26 January 2009

The rest was hard to explain


Something I keep coming back to, a recurring theme if you will, is how to love people. It seems we spend so much energy analysing, discussing, boxing the walking complexities with whom we live and work. Whole careers such as counseling are devoted to figuring out what makes the human machine tick. And then, if we’re honest, the moment we have it all figured out--the lover securely on a pedestal, the enemy behind bars, the friend embraced--they go and do something “uncharacteristic” and we, reeling from damaged expectations or misunderstandings, want to give up, throw in the towel and just say (as someone did to me) “all conversations with you must end in ‘I don’t know’”. 
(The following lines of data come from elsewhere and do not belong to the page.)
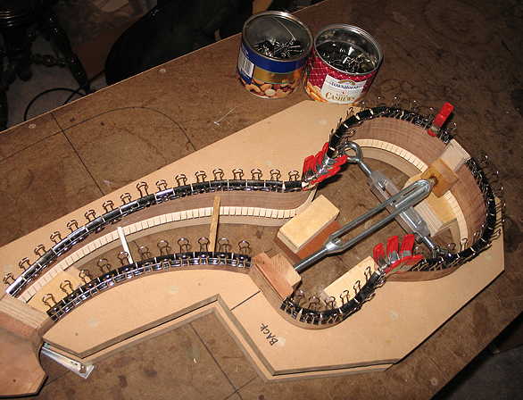 Once that was set, I could start on the kerfing. I put some spreaders in to hold the sides tightly to the mold and raised the rim so that the top edge was about 1/2" over the top of the mold.
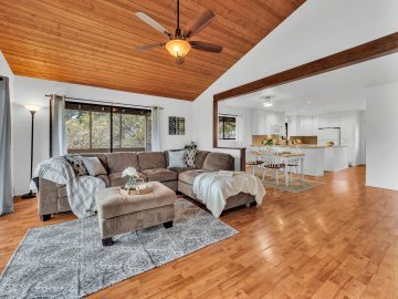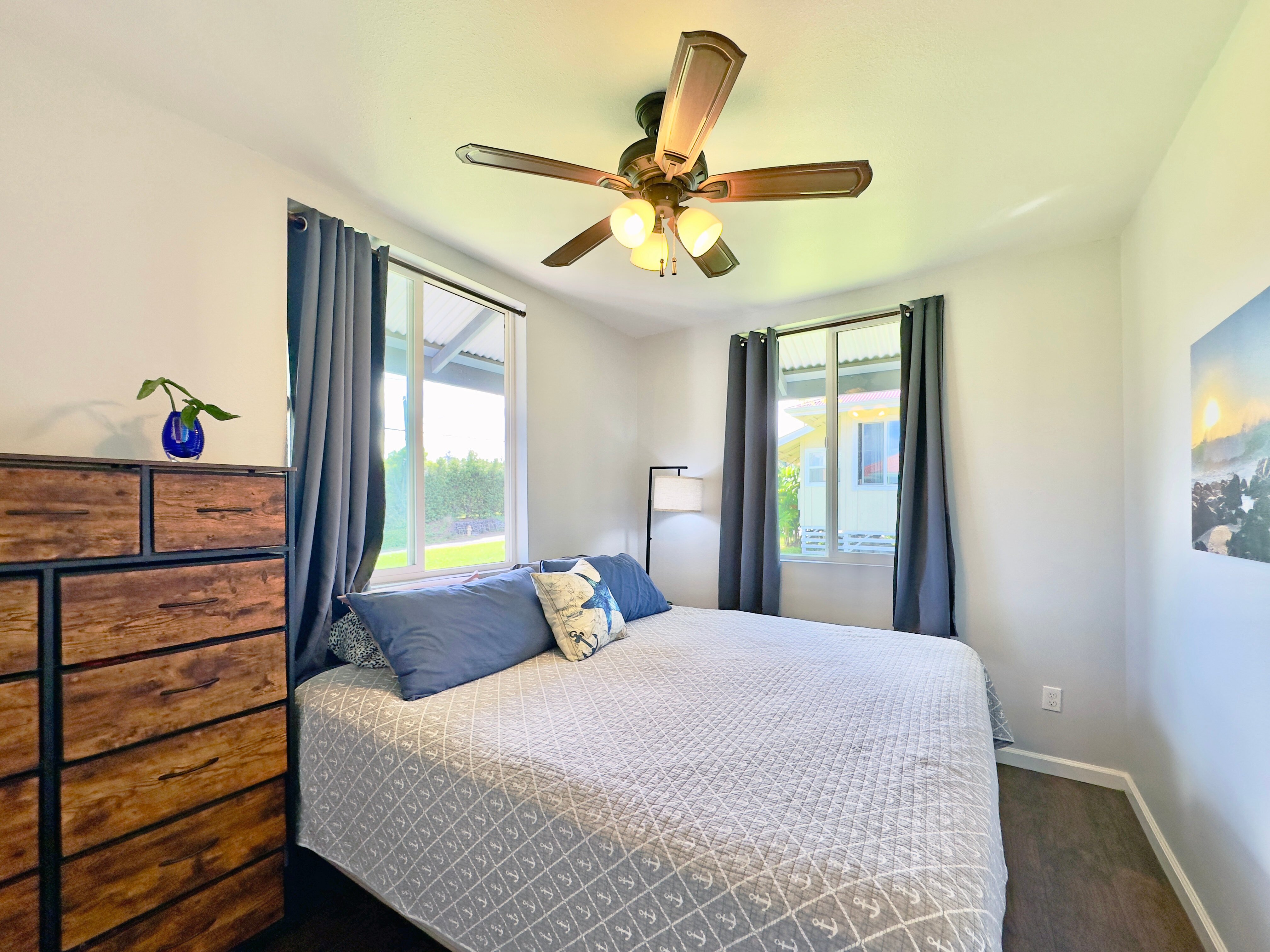 Lovely home in the heart of North Kohala with ocean and pasture views offers three bedrooms and one bath with separate ensuite studio for family, guests or hobbies. Banana belt elevation with temperate climate for growing and comfortable living. Large open eat-in kitchen has lots of counter space and an abundant number of cabinets. Light filled spaces. Newer stainless steel appliances. Newly painted interior throughout with recently updated laundry and bathroom. Mature tropical landscape with hibiscus, palm and protea plantings. Recently updated back lanai offering a protected space to enjoy the outdoors. Wonderful location close to town and short distance from state parks. Walking distance to major post office and credit union, art gallery, convenience store, salon and vet. Nearby shops, restaurants, groceries, and North Kohala Hospital. Please note listing does not match county records. Buyers and their agents to do their own due diligence.
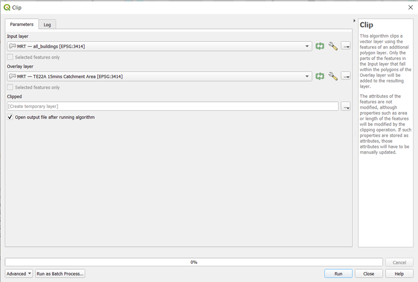 For 10min Catchment Area, repeat the same steps but replacing the Overlay layer with TE22A 10mins Catchment Area, and save to GeoPackage as TE22A 10mins Buildings.
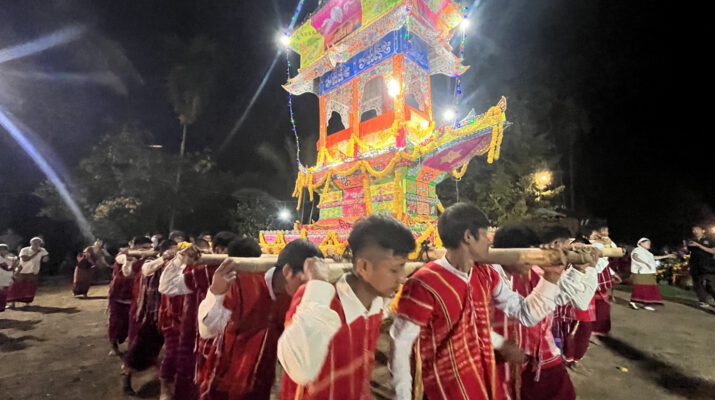 กาญจนบุรี คตินิยมในการแห่ปราสาทในงานศพพระสงฆ์ ของไทยเชื้อสายกะเหรี่ยงตำบลไล่โว่ อำเภอสังขละบุรี
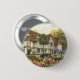 Gammal illustrativ arkitektonisk bild med ett klassiskt engelskt lantställe eller herrgård med halmtak och vacker engelsk formell trädgård med blommande blommor på våren. Kan vara ett vackert lanthotell med frukost.
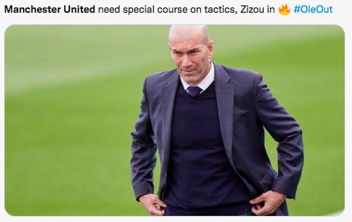 Ada 47.800 tweet dari netizen meneriakan #OleOut. Salah satu meme minta Zidane mengganti Ole Gunnar Solskjaer sebagai pelatih MU. Foto: (Twitter)
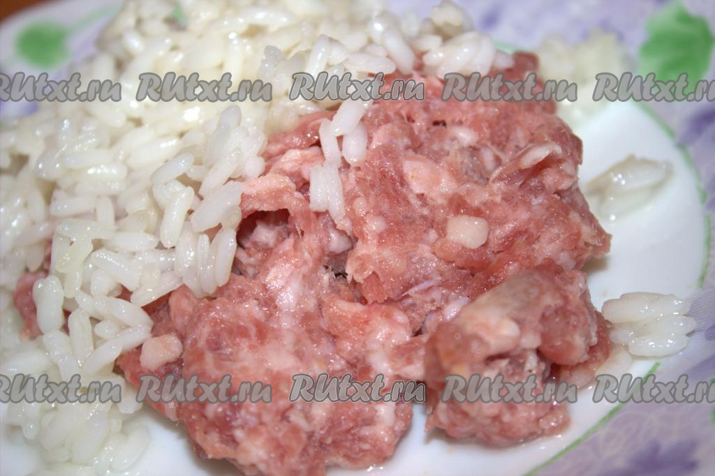 Промыть рис несколько раз под проточной водой, сливая воду. Затем в кастрюлю с промытым рисом влить 200 мл холодной воды, поставить на огонь, довести воду до кипения, затем уменьшить огонь до минимума и варить рис, слегка посолив, на медленном огне 10-15 минут, прикрыв крышкой (до полного испарения воды). Откинуть готовый рис на дуршлаг и дать полностью воде стечь. В миске соединить мясной фарш и рис, слегка посолить и приправить специями по вкусу.
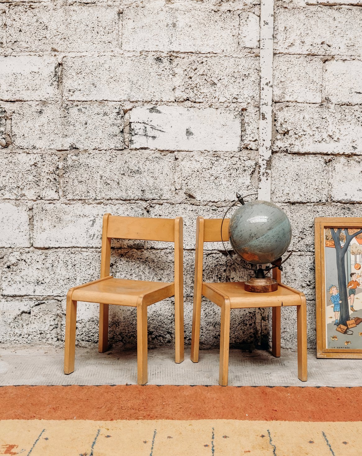 Discover this charming little light wood chair, perfect for adding a retro touch to your child's space. Its sturdy structure ensures comfort and stability, making it ideal for everyday activities. Lightweight and easy to move, it's equally at home in a bedroom or playroom. Its vintage design creates a soft and warm ambiance. Bring a touch of authenticity to your child's space with this seat full of character. Sold individually, 2 available.
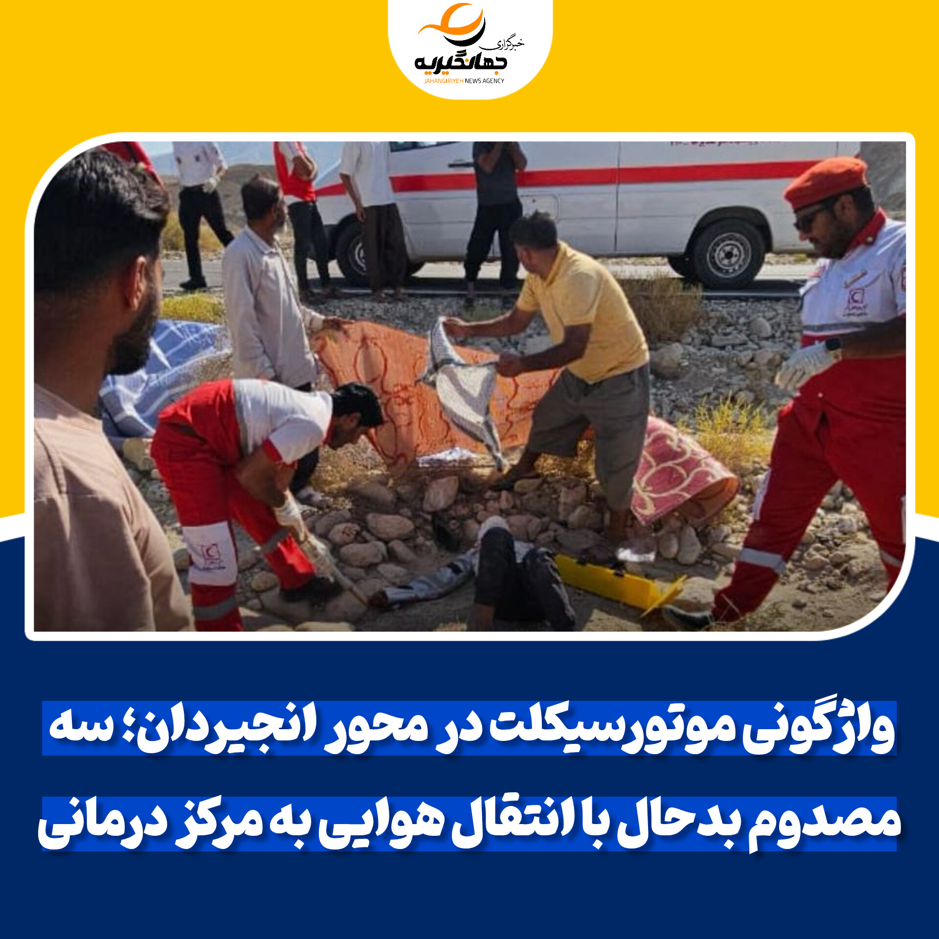 واژگونی موتورسیکلت در محور انجیردان؛ سه مصدوم بدحال با انتقال هوایی به مرکز درمانی
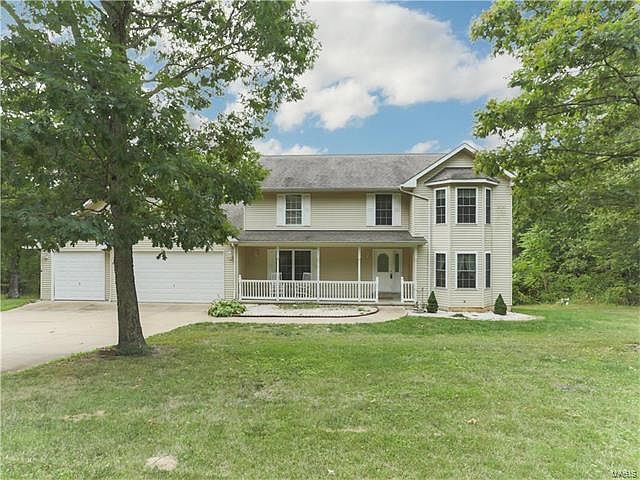 USDA Eligible !!! Spacious 2 Story in Seckman Schools situated on 5 acre lot with a HUGE 1000 sq ft garage that iis a 3 car double tandem garage car tandem stretching 35x32 This home features 4 large bedrooms with a 2nd floor laundry. There is a Huge dining room and a plenty of entertaining areas. There is a large kitchen with plenty of cabinets, and a pantry with a large breakfast room this opens up to the great room with a wood burning fireplace and covered deck that overlooks the 5 acre lot. The upper level has a large master suite with vaulted ceiling and a large master bath with separate shower and tub. All of the bedrooms feature walk in closets. There are 3 additional bedrooms. The lower level is finished with a walk out and a free standing wood stove. There is a family room, a rec room with a built in bar and an exercise room.

Perhaps you have never arrived, or rarely, at the place of “I don’t know”. The place where you realize that you see in a mirror dimly, but you long to see face to face. Where you face the shattering reality that the person you love will never completely understand you, or perhaps, which is worse, that person gave up the fight to understand...which is a small refusal to love. But if you have arrived, you know the ache to be fully known and the surrender to the only One who will ever fully know, that is, until that day that all in Him are truly one.


Lewis’s artful novel, Till We Have Faces, deals with the tension that love constantly faces in desiring to know the other. In one sense, knowledge relates to control. If I can define you, analyse and dissect what makes you be and act then no mystery remains and you become mine--completely. Just as Orual wanted Psyche and Bardia to be all her own, the love became twisted. True love holds with open palms, recognizing that we can never own anyone, much less be owned. 


My loves must rest in His hands, knowing that His will will prevail, that my overwhelming hope for those I love must be that they hear His voice and follow...just as I must. And I don’t know. Why we do the things we do. Why I run so often. Why life doesn’t work out the way I hope...especially when it comes to the immortal horrors and everlasting splendors with whom I banter and break. 


At the moment when I can take no more and I fall, say I don’t know, is the moment I find peace. It is hard to explain and He is gonna have to take me home, heal the inevitable heartache that comes with loving people who don’t love you back.